-- Extracted entries --
------------------------------------------------
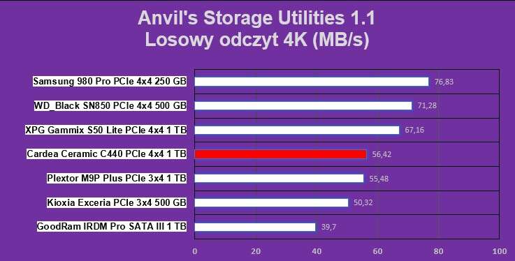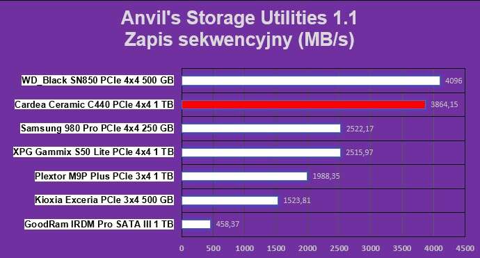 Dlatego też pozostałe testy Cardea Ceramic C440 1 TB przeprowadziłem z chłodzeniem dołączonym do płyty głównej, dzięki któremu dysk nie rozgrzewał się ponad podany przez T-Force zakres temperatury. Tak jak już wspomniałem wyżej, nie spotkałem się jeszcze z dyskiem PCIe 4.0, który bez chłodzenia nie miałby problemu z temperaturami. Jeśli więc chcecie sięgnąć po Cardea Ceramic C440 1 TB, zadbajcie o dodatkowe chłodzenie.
------------------------------------------------
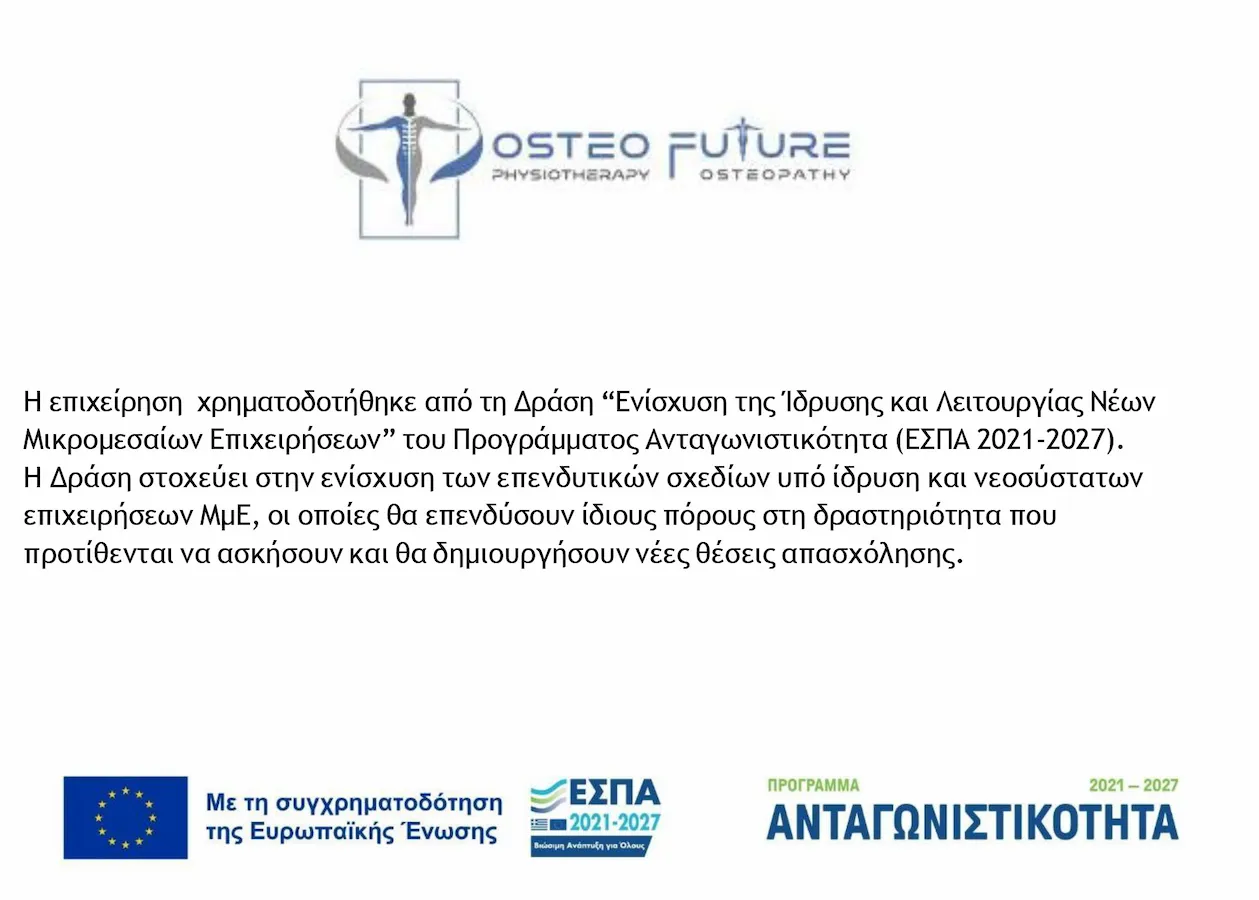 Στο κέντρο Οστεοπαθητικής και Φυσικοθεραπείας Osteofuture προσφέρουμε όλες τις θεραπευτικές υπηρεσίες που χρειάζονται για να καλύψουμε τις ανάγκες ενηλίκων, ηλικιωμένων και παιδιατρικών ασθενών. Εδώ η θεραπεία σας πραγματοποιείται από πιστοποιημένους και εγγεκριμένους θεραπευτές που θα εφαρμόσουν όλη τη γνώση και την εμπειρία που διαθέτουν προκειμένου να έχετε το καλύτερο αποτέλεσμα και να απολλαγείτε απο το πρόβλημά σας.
------------------------------------------------
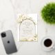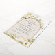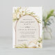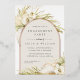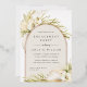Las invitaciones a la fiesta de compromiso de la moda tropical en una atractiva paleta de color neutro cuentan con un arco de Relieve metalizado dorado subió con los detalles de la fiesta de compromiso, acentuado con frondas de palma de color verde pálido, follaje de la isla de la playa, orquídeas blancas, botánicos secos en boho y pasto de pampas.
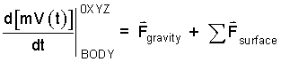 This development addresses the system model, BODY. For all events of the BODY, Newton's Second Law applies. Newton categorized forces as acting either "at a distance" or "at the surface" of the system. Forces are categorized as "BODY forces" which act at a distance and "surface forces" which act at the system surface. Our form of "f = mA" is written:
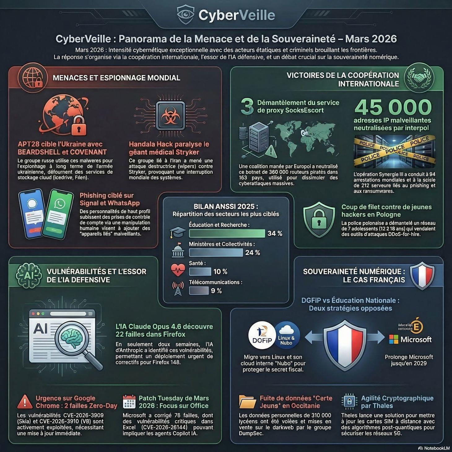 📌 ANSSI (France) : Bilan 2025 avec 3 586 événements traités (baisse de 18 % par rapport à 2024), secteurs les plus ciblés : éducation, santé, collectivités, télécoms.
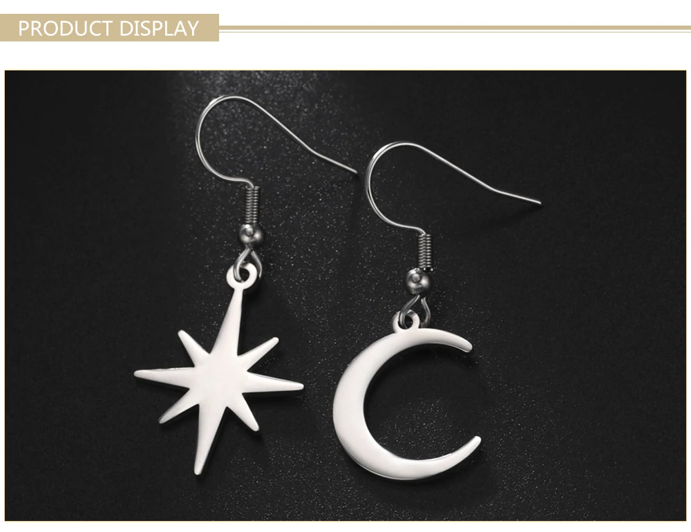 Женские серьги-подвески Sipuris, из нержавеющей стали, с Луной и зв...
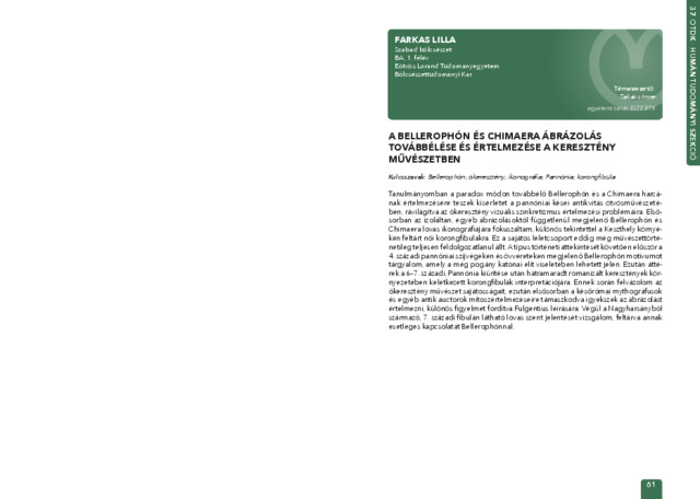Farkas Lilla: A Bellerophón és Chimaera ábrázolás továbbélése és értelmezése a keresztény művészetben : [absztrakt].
------------------------------------------------
-- Required action --
The lines to copy exactly start with the line above that has "Женские серьги-подвески Sipuris, из" and go on through the line that has "Farkas Lilla: A"; please include both, add nothing else, and omit the pictures.

-- Solution --
 Женские серьги-подвески Sipuris, из нержавеющей стали, с Луной и зв...
Farkas Lilla: A Bellerophón és Chimaera ábrázolás továbbélése és értelmezése a keresztény művészetben : [absztrakt].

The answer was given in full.